**WHAT IS BEING ASKED**: Skip the images and print the listing exactly.

/---

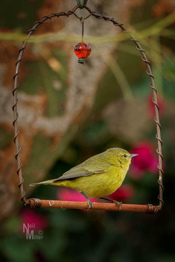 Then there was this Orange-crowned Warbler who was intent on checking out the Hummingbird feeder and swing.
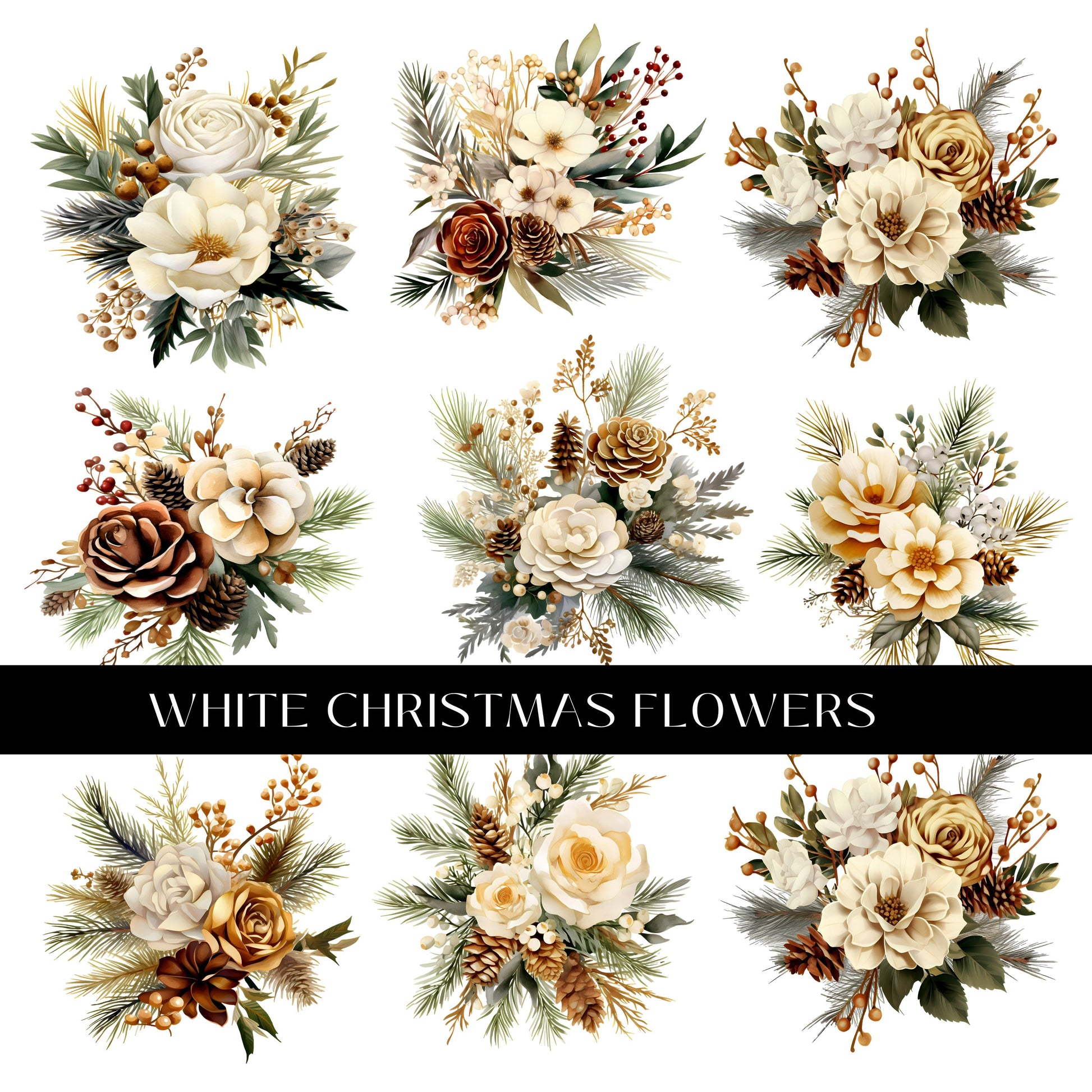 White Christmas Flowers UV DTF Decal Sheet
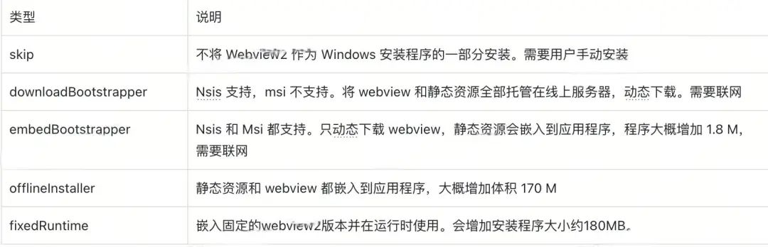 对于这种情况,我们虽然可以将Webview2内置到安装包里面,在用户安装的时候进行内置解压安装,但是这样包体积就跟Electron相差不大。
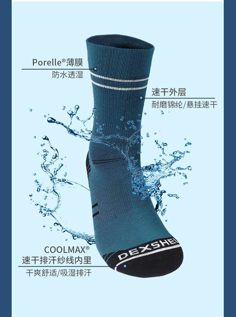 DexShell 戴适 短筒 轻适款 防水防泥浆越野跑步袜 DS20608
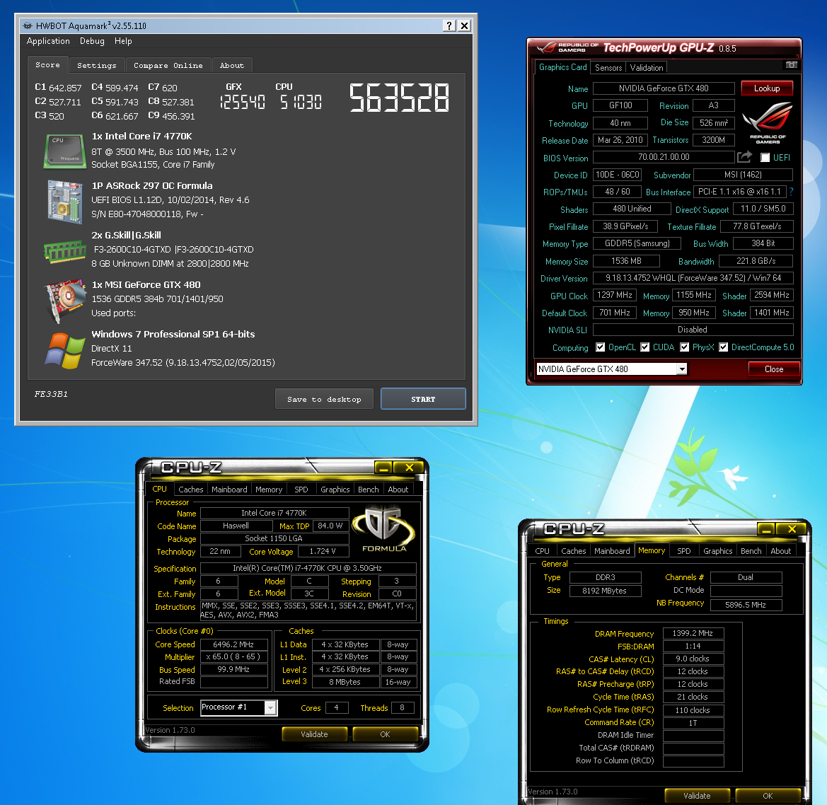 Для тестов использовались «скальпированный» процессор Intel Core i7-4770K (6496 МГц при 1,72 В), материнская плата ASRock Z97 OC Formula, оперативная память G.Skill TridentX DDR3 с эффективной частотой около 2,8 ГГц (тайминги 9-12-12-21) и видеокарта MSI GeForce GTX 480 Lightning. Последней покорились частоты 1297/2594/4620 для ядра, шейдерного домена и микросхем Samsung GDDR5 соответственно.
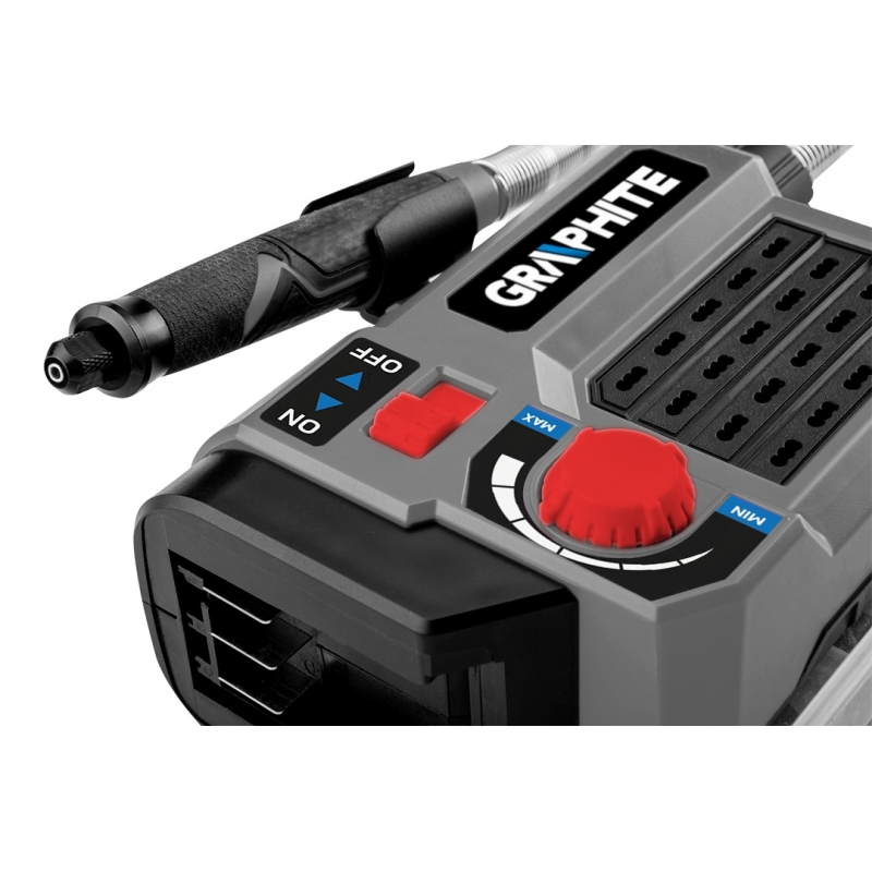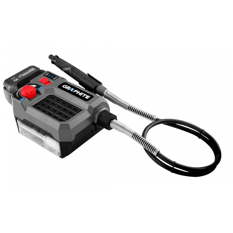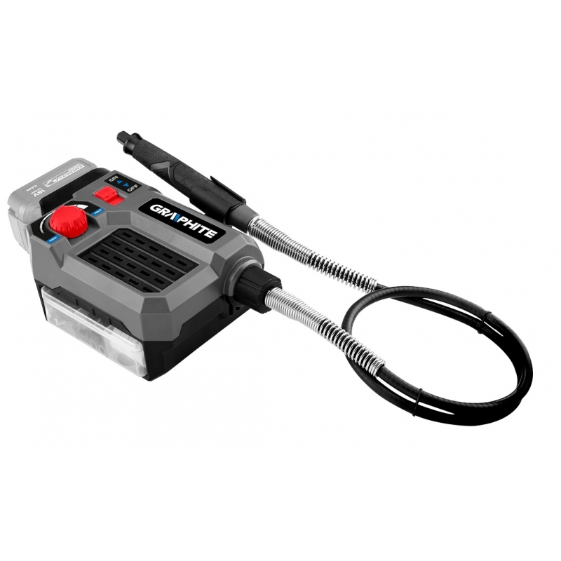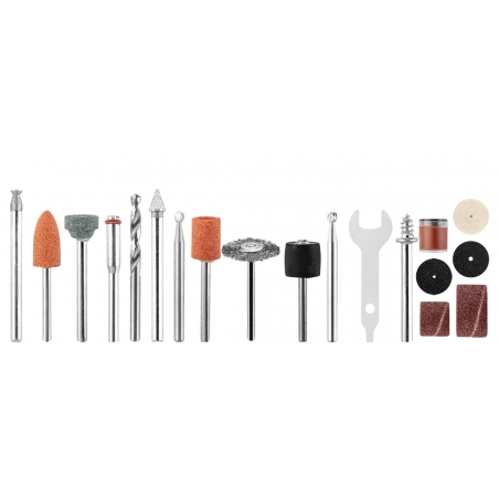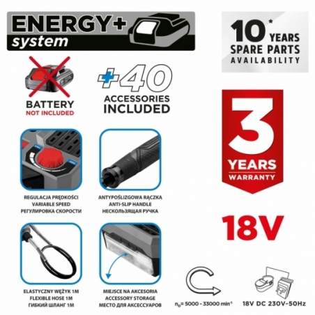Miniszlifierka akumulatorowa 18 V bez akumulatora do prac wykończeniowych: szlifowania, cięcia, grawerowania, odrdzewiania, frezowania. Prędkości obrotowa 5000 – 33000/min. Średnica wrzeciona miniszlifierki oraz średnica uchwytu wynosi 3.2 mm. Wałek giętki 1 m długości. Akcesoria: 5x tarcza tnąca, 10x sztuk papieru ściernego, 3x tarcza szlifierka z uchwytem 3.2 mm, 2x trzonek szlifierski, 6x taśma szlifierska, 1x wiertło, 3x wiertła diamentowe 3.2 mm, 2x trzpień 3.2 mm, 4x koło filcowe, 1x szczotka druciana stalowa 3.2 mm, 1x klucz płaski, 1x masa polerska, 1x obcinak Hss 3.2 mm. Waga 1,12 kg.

\---

**COMPLETED TASK**:
 Then there was this Orange-crowned Warbler who was intent on checking out the Hummingbird feeder and swing.
 White Christmas Flowers UV DTF Decal Sheet
 对于这种情况,我们虽然可以将Webview2内置到安装包里面,在用户安装的时候进行内置解压安装,但是这样包体积就跟Electron相差不大。
 DexShell 戴适 短筒 轻适款 防水防泥浆越野跑步袜 DS20608
 Для тестов использовались «скальпированный» процессор Intel Core i7-4770K (6496 МГц при 1,72 В), материнская плата ASRock Z97 OC Formula, оперативная память G.Skill TridentX DDR3 с эффективной частотой около 2,8 ГГц (тайминги 9-12-12-21) и видеокарта MSI GeForce GTX 480 Lightning. Последней покорились частоты 1297/2594/4620 для ядра, шейдерного домена и микросхем Samsung GDDR5 соответственно.
Miniszlifierka akumulatorowa 18 V bez akumulatora do prac wykończeniowych: szlifowania, cięcia, grawerowania, odrdzewiania, frezowania. Prędkości obrotowa 5000 – 33000/min. Średnica wrzeciona miniszlifierki oraz średnica uchwytu wynosi 3.2 mm. Wałek giętki 1 m długości. Akcesoria: 5x tarcza tnąca, 10x sztuk papieru ściernego, 3x tarcza szlifierka z uchwytem 3.2 mm, 2x trzonek szlifierski, 6x taśma szlifierska, 1x wiertło, 3x wiertła diamentowe 3.2 mm, 2x trzpień 3.2 mm, 4x koło filcowe, 1x szczotka druciana stalowa 3.2 mm, 1x klucz płaski, 1x masa polerska, 1x obcinak Hss 3.2 mm. Waga 1,12 kg.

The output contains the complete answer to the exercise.